# deer watering holes.



## sierra03 (Jan 27, 2005)

I am just curious, where do deer find water when the lakes are frozen and there is no snow?


----------



## dakotashooter2 (Oct 31, 2003)

It's suprising where you find open water even when it is sub zero. Springs and small creeks often have open areas even in the coldest weather.


----------



## coyote sniper (Apr 15, 2009)

some drink in livestock waterers. obviously not all but some. interesting question!


----------



## duckp (Mar 13, 2008)

Quote:

"Water
Water requirements vary with a deer's physiological state (e.g., growth, maintenance, lactation), available food sources, climatic conditions and by the amount of recent activity. Deer obtain water from three sources:

Preformed water - this is water contained in food
Metabolic water - produced internally as a product of hydrogen oxidation during metabolic processes
Liquid water - found in streams, ponds, lakes, puddles, snow, rain, and dew.
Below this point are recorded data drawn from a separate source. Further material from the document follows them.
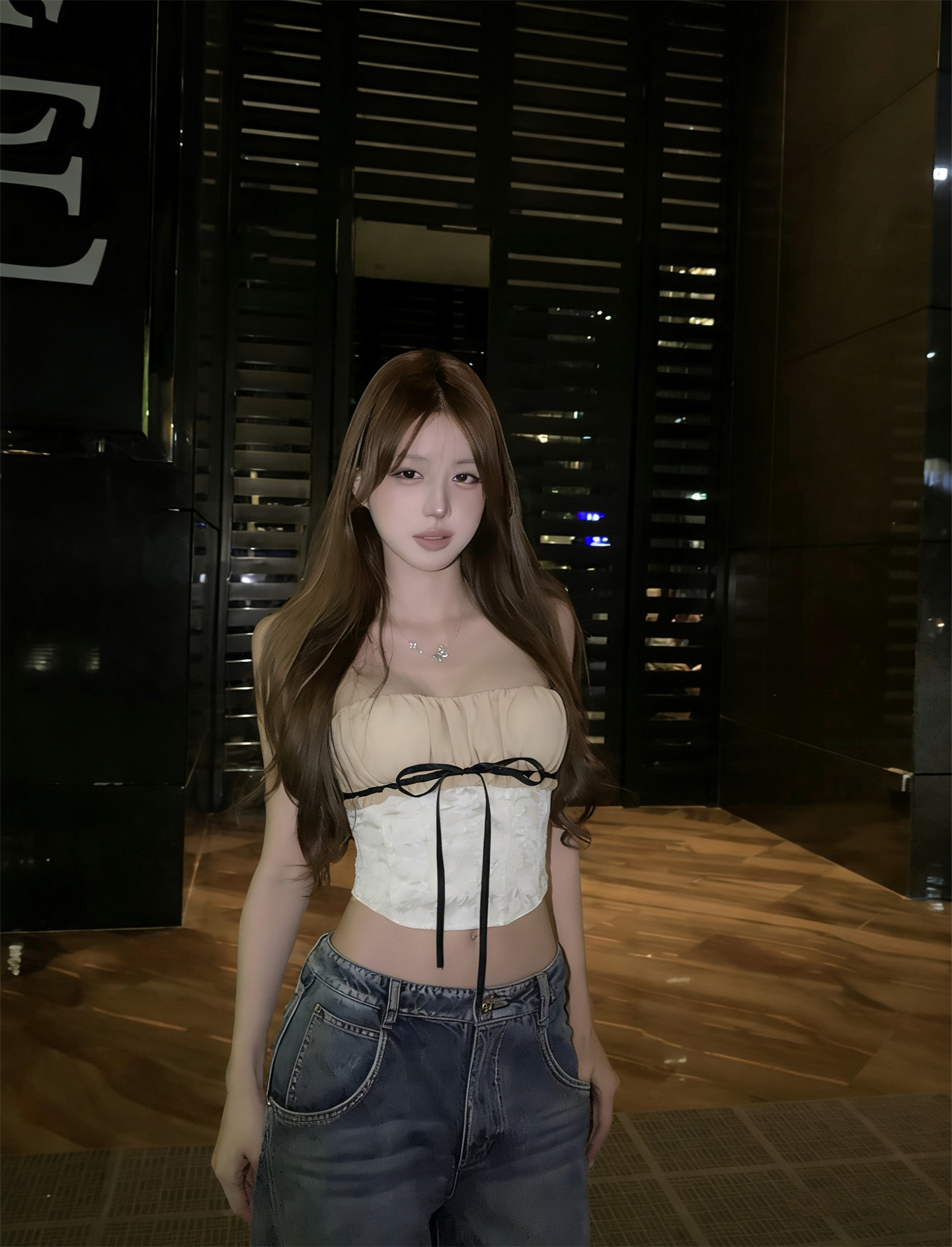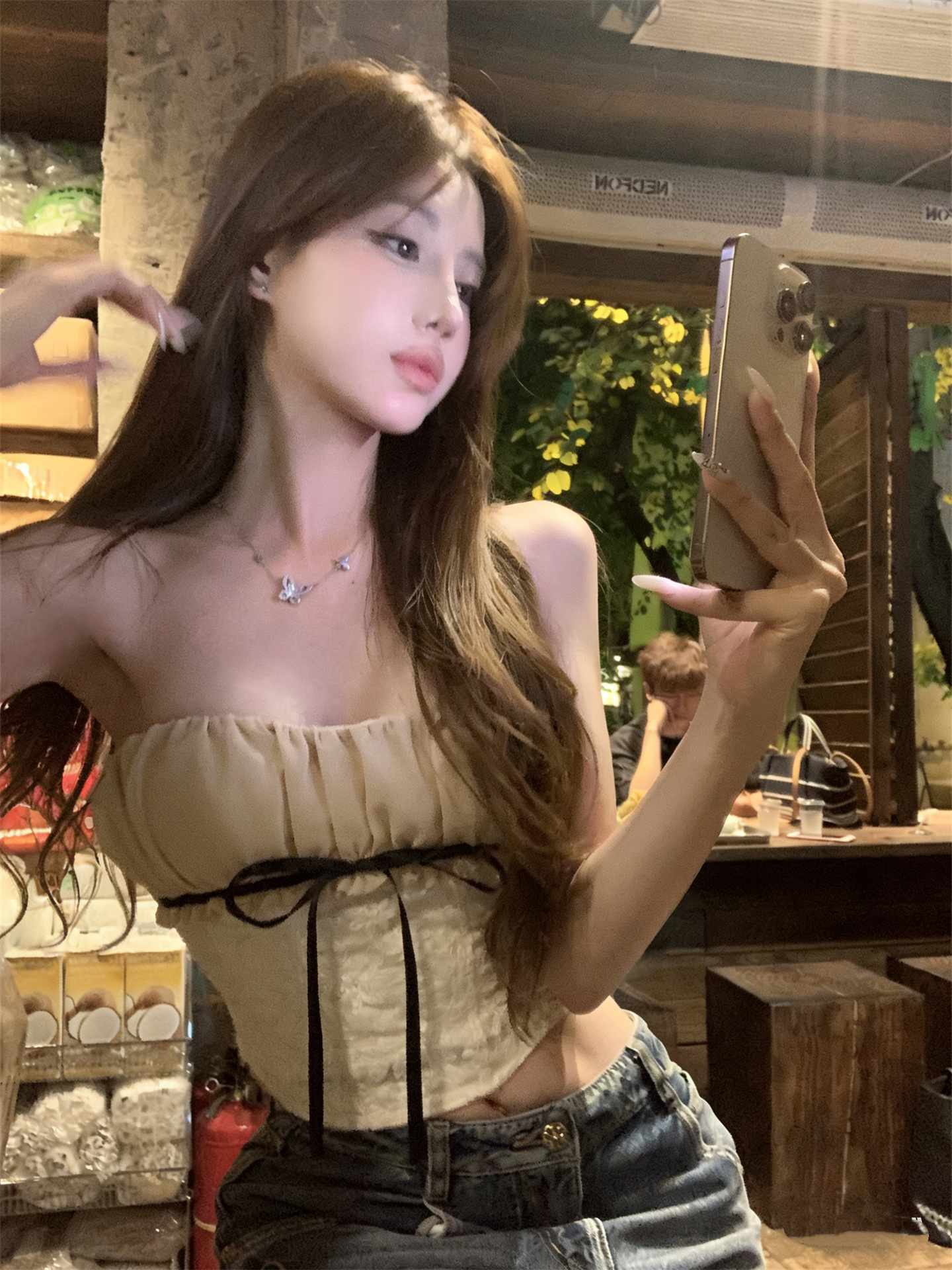 실사 정가 낭만적 인 기질 자카드 레이스업 튜브탑 맨위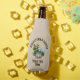 Personalized Van Life Family Road Trip Bottle Cooler, with customizable family name and mountain scene against a warm beige background. Ideal for family reunions and vacation road trips, and great as a keepsake or souvenir item when you add the year of travel and personalize with your family name. Underneath on the base, you can add your initials by replacing the CUSTOMIZABLE MONOGRAM. Get matching can and bottle coolers in various colours for all the family to make your next trip a holiday to remember.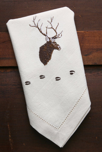 "Elk" 100% Cotton Embroidered Napkins - 4-Piece Set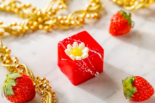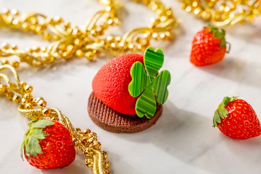 いちご形の可愛いムースの中に、オレンジフラワーを閉じ込めました。苺のヘタをクローバーの形に見立て、幸運を感じさせる遊び心をプラス。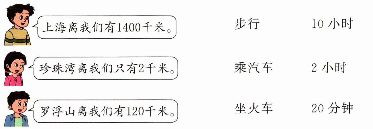 解析根据距离,选择相对应的出行方式以及时间,再连线。1400千米的距离很长,可选择“坐火车”,用时也很长,“10小时”比较合理。2千米的距离较短,选择“步行”比较合理,用时也较短,“20分钟”比较合理。120千米较长,选择“乘汽车”比较合理,用时也较长,“2小时”比较合理。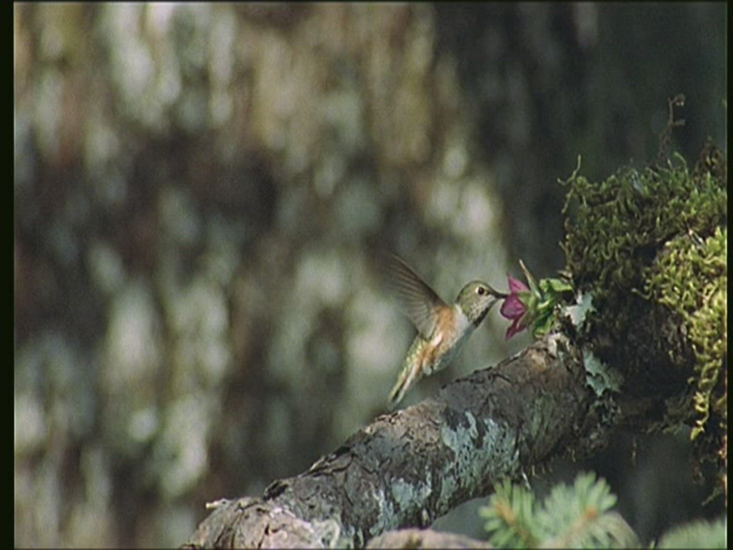 > Anna's hummingbird hunts flying insects from its perch, Southern California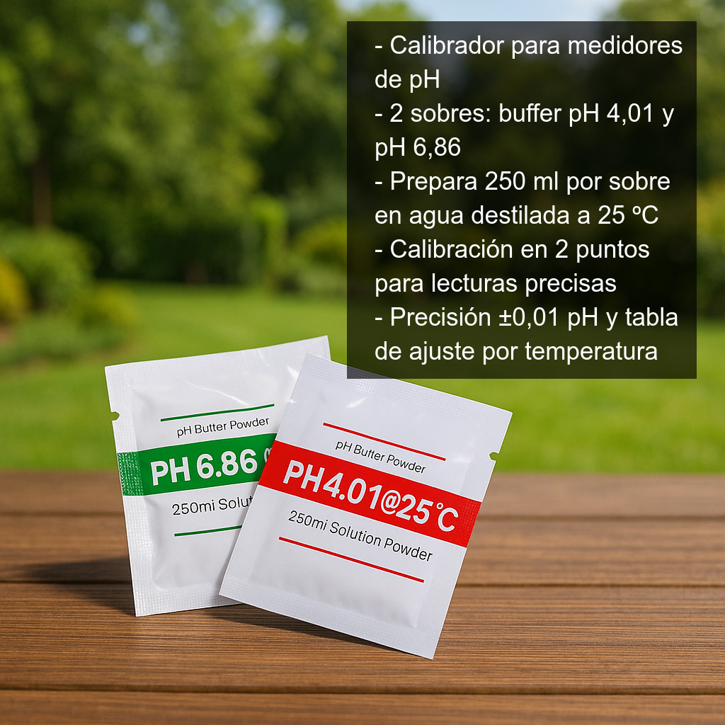 En la parte trasera de cada sobre se incluye una tabla de ajuste para corregir el valor de referencia si la calibración se realiza a una temperatura distinta de 25 ºC. Esto es especialmente útil si calibras en un entorno más frío o más cálido, ya que el pH de las soluciones buffer varía ligeramente con la temperatura.

Deer will only drink water or eat snow to supplement the water they receive in their food. For example, deer eating a diet consisting of succulent vegetation may drink only half the amount of water that they will when eating a diet of dry hardwood browse. In some instances, such as during pregnancy or in drought conditions in the south, liquid water is a diet staple, with deer consuming between 2-3 times as much water as food."


----------